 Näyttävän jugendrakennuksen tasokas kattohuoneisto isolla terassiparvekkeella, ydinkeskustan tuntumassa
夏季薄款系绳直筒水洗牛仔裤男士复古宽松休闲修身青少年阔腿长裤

+++

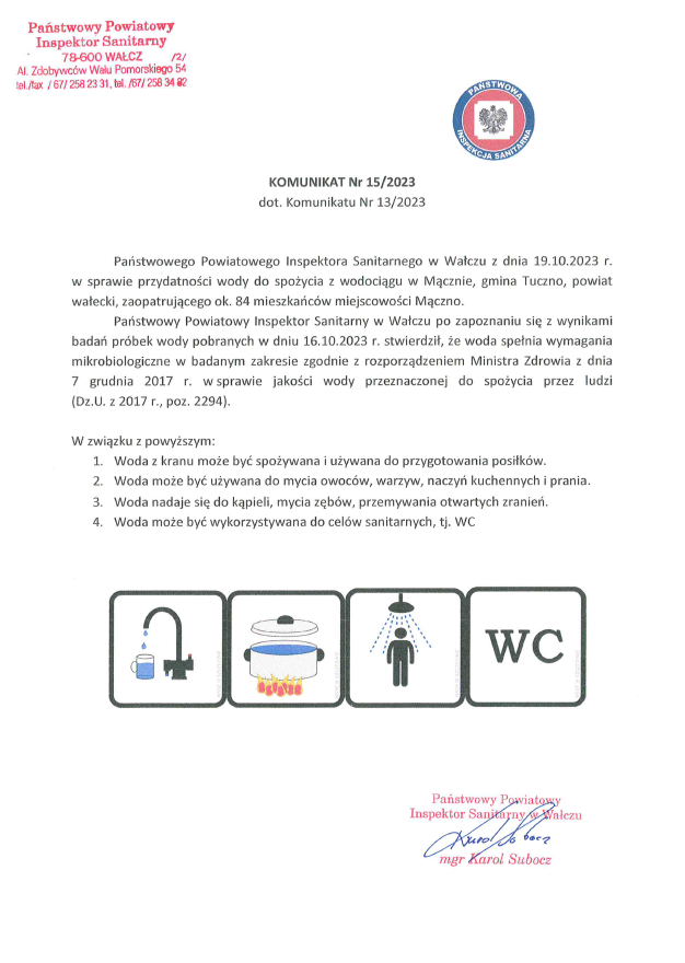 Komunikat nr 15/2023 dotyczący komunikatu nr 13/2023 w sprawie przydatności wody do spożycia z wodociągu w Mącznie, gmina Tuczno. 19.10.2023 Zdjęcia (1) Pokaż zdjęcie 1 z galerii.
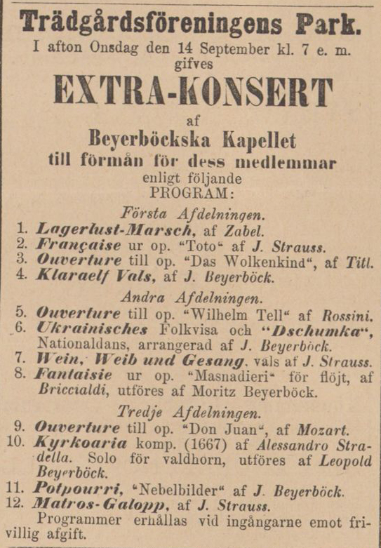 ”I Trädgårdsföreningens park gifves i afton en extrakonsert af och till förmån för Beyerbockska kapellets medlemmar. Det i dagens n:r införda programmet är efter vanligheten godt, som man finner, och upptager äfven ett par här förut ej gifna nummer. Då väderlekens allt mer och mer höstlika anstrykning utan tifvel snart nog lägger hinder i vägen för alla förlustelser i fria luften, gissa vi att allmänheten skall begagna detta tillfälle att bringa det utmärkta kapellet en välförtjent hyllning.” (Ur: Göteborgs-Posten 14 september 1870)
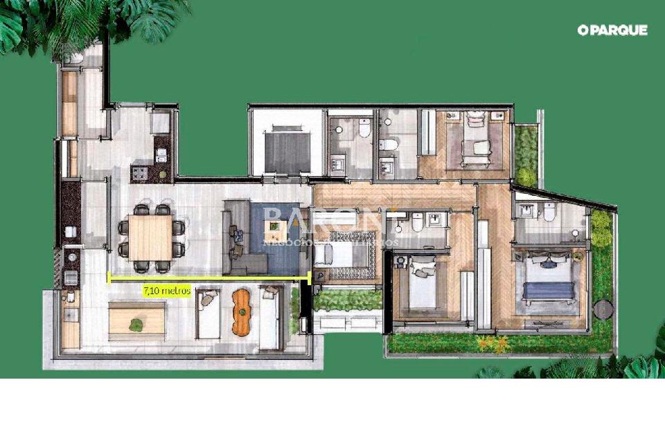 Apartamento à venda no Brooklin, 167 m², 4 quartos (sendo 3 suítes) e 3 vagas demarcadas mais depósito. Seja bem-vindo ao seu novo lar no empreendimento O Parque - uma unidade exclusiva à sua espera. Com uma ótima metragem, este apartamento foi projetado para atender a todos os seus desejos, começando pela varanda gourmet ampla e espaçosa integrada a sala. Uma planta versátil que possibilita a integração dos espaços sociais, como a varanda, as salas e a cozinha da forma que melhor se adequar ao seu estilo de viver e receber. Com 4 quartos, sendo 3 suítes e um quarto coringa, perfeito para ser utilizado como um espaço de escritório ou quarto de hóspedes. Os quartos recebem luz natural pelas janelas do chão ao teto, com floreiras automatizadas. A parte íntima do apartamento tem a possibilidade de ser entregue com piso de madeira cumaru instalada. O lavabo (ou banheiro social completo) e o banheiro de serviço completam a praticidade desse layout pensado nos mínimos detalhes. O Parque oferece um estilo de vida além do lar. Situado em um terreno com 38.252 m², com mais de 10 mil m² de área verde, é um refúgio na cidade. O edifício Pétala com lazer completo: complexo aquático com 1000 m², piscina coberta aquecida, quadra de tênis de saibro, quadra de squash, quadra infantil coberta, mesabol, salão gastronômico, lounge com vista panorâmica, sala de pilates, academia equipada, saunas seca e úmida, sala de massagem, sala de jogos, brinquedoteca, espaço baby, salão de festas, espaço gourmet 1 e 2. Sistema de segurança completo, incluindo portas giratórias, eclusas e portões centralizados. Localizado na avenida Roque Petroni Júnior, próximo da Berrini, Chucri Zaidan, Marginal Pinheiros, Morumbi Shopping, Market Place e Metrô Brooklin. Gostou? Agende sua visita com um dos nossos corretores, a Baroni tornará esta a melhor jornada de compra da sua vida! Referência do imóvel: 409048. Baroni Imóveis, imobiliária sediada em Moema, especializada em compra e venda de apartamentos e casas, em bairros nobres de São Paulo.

+++

What is needed
The listing above holds a line with "Näyttävän jugendrakennuksen tasokas" and a line with "夏季薄款系绳直筒水洗牛仔裤男士复古宽松休闲修身青少年阔腿长裤". Print the stretch from the first through the second, exactly and alone.

Output for this exercise
 Näyttävän jugendrakennuksen tasokas kattohuoneisto isolla terassiparvekkeella, ydinkeskustan tuntumassa
夏季薄款系绳直筒水洗牛仔裤男士复古宽松休闲修身青少年阔腿长裤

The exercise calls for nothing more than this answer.